Jesse Bollard Hide (13 March 1857 — 19 March 1924) was an English cricketer who played for Sussex between 1876 and 1893 and for South Australia from 1880 to 1883.

Hide was born in Eastbourne, Sussex. A right-handed batsman, accurate fast-medium bowler and good fieldsman, he made his first-class debut for Sussex in 1876 against Gloucestershire. 

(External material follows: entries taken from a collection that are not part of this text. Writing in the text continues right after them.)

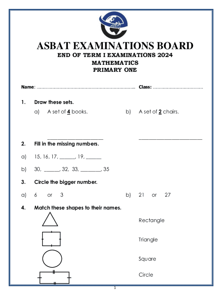 ASB AT EXAMINATIONS BOARD END OF TERM I EXAMINATIONS 2024 MATHEMATICS PRIMARY Rename: . Class: 1. Draw these sets. a)A set of 4 books.b)2.___ Fill in the missing numbers.a)15, 16, 17, ___, 19, ___b)30,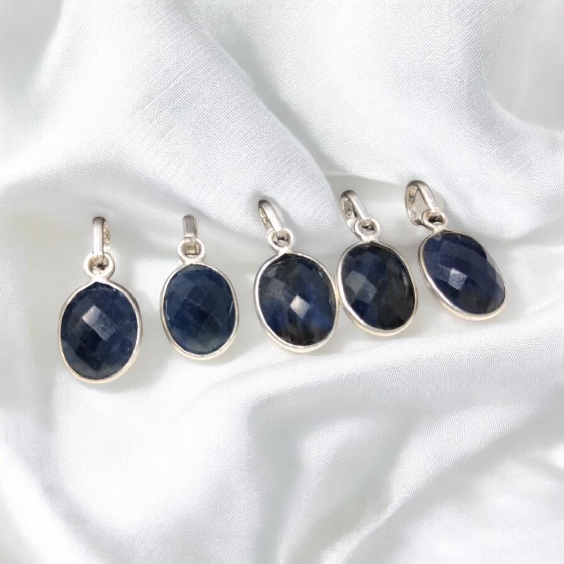 Blue Sapphire Gemstone Pendant, September Birthstone Pendant, Spiritual Healing Crystal Chakra Balancing Silver Pendant, DIY Jewelry Making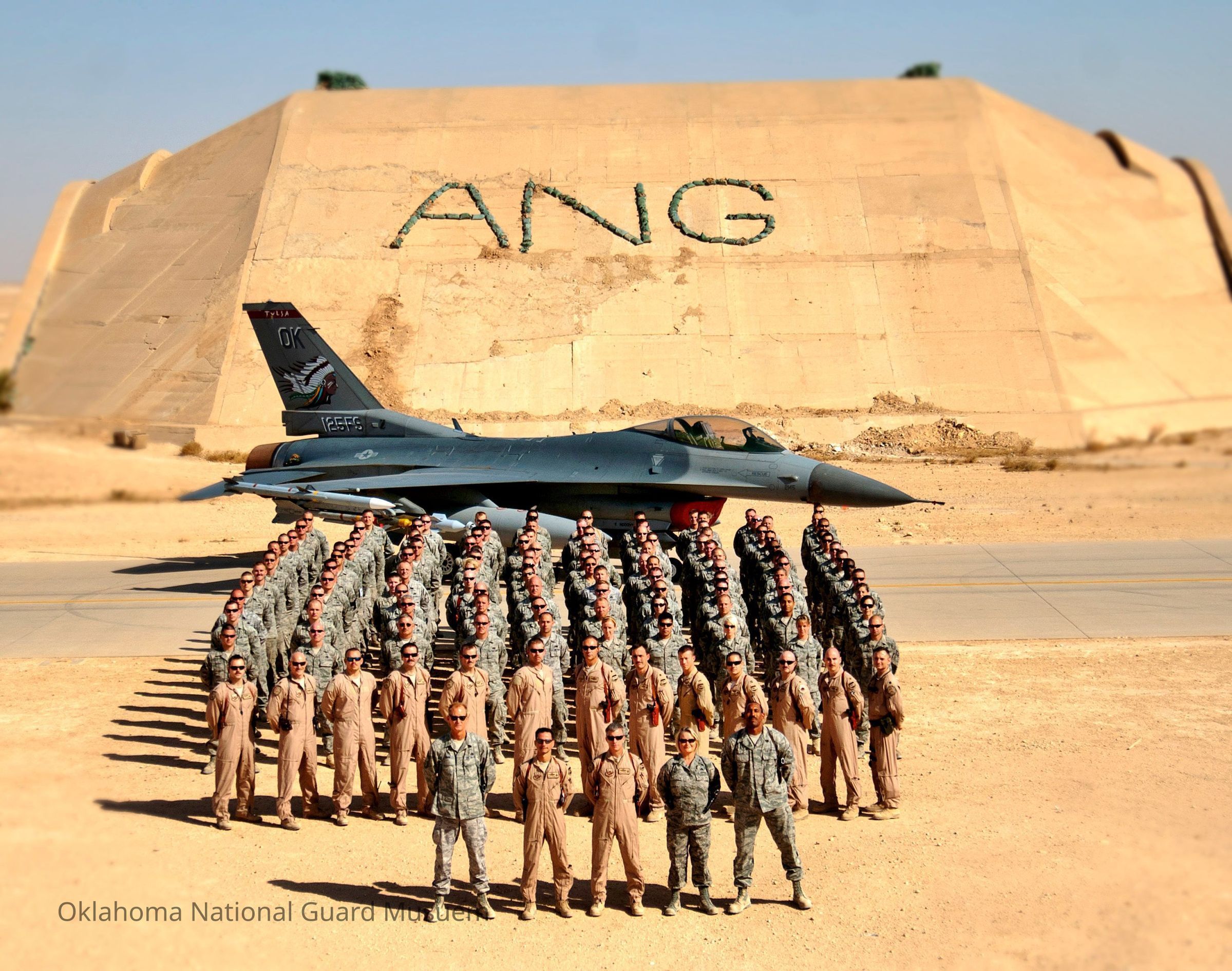 Group photo of the 125th Expeditionary Fighter Squadron in front of F-16
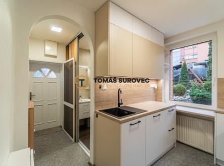 Baťovy domky jsou zlínská klasika. A právě tady na třídě Tomáše Bati Vám můžu nyní nabídnout pronájem zrekonstruovaného půldomku, kam se můžete od ledna 2026 nastěhovat. Vyznačuje se klasickým dispozičním řešením. Pravděpodobně Vás mile potěší útulná koupelna se sprchovým koutem a s WC, která má okno přivádějící do místnosti denní světlo a čerstvý vzduch. V přízemí se nachází moderně řešená kuchyň. Elegantní kuchyňská linka je vybavena vestavěnou troubou, lednicí , varnou indukční deskou a je zde zabudovaná pračka. Naproti kuchyně je obývací pokoj s velkou porcí úložného prostoru. Lze ho dovybavit pohovkou a televizí. Do patra vedou schody , ze kterých je vstup do dvou neprůchozích pokojů. Vytápění a ohřev teplé vody je řešen plynovým kotlem. Lokalita je velmi příjemná s výbornou občanskou vybaveností . V okolí najdete mateřskou školu, poštu, knihovnu . Supermarket Albert a zastávka MHD je od domu jen 5 minut chůze. Podsklepený půldomek na pronájem nabízí v neposlední řadě také příležitost k volnému vyžívání pozemku za domem. Ideální místo pro letní grilovačky a společné chvíle s rodinou či přáteli. Počáteční náklady: Cena měsíčního nájemného činí 13 900Kč + zálohy za energie jsou 5000Kč. Vratná jistota je 18 900Kč a provize RK 13 900Kč. Chcete to vidět naživo? Na místě vám vše vysvětlím a ukážu. Na viděnou ve Zlíně!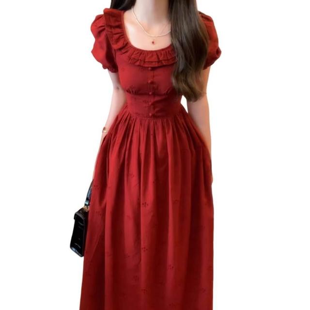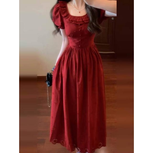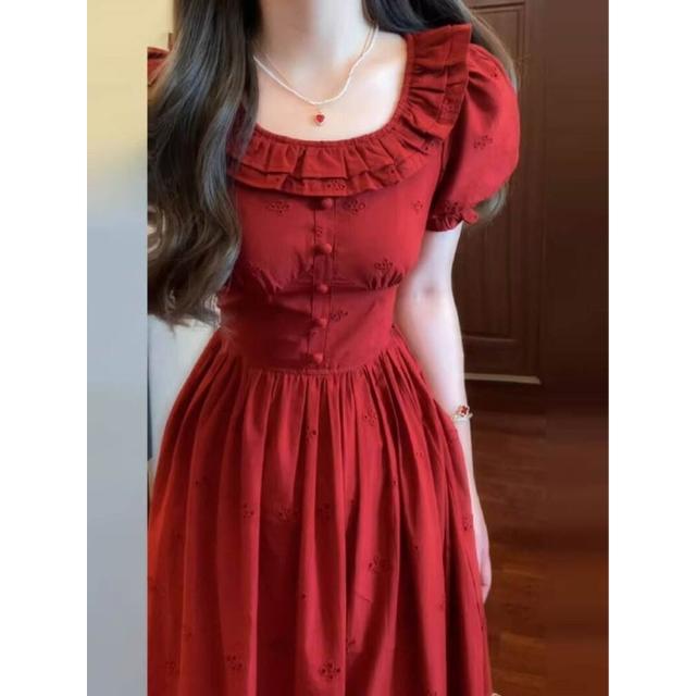 雲溪 茶歇法式紅色連衣裙女夏季2026新款氣質收腰小個子絕美長裙高級感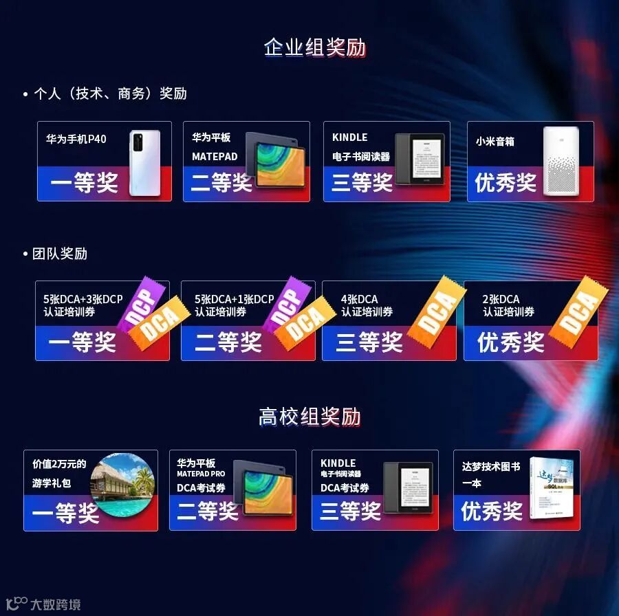 大赛为参赛选手准备了丰厚的奖品,各类奖品数量达到200余项。大赛不仅为获奖主体准备了各类科技好礼,价值上万的游学大礼包,畅享海岛多日游,而且,凡参与比赛的主体均有机会获得达梦大学免费提供的数量不等的认证培训券,参与决赛颁奖典礼并获得企业实习和工作推荐的机会。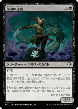 このクリーチャーが戦場に出たとき、カード2枚を切削する。(あなたのライブラリーの一番上にあるカード2枚をあなたの墓地に置く。)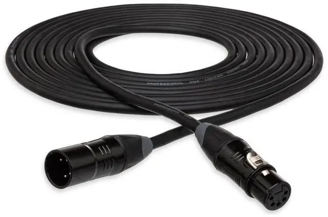 Let the Hosa 700 Series DMX-710 10' 5-Pin XLR Male to 5-Pin XLR Female DMX Cable elevate your professional lighting and audio setups with its exceptional performance and reliability. Engineered for the discerning professional, this cable features robust 5-Pin black nickel XLR connectors that ensure secure and stable connections, even in demanding environments. The flexible PVC jacket enhances durability while maintaining the cable's ease of use, allowing for seamless integration into any setup. Inside, the cable boasts a 20 AWG Oxygen-Free Copper (OFC) conductor, which guarantees optimal signal clarity and conductivity.

In 1878, on the recommendation of James Lillywhite, who had captained England on their tour of Australia in 1876-77, Hide was appointed coach of the South Australian Cricket Association, and spent five seasons in Adelaide, playing in all of South Australia's important matches. In his history of Australian cricket Johnny Moyes credits Hide with a leading part in the early development of South Australian cricket: "He arrived in 1878, stayed for three [sic] years at a salary of £200 a year, and laid the foundation on which the future glories of the State's cricket were built." Hide also laid the pitch at the Adelaide Oval, discovering and bringing in the soil that made the pitch "equal to the best provided in any part of the world".

Hide returned to England in 1883 and carried on playing for Sussex until 1893. He made over 4,400 runs and took over 400 wickets for Sussex. He played for a number of other teams including England XI, England, The Rest, the South, Players, Players of the South, Lord Sheffield's XI and Lord March's XI. Playing for Sussex against MCC at Lord's in May 1890 he took four wickets in four deliveries. He was for some time employed by Lord Sheffield.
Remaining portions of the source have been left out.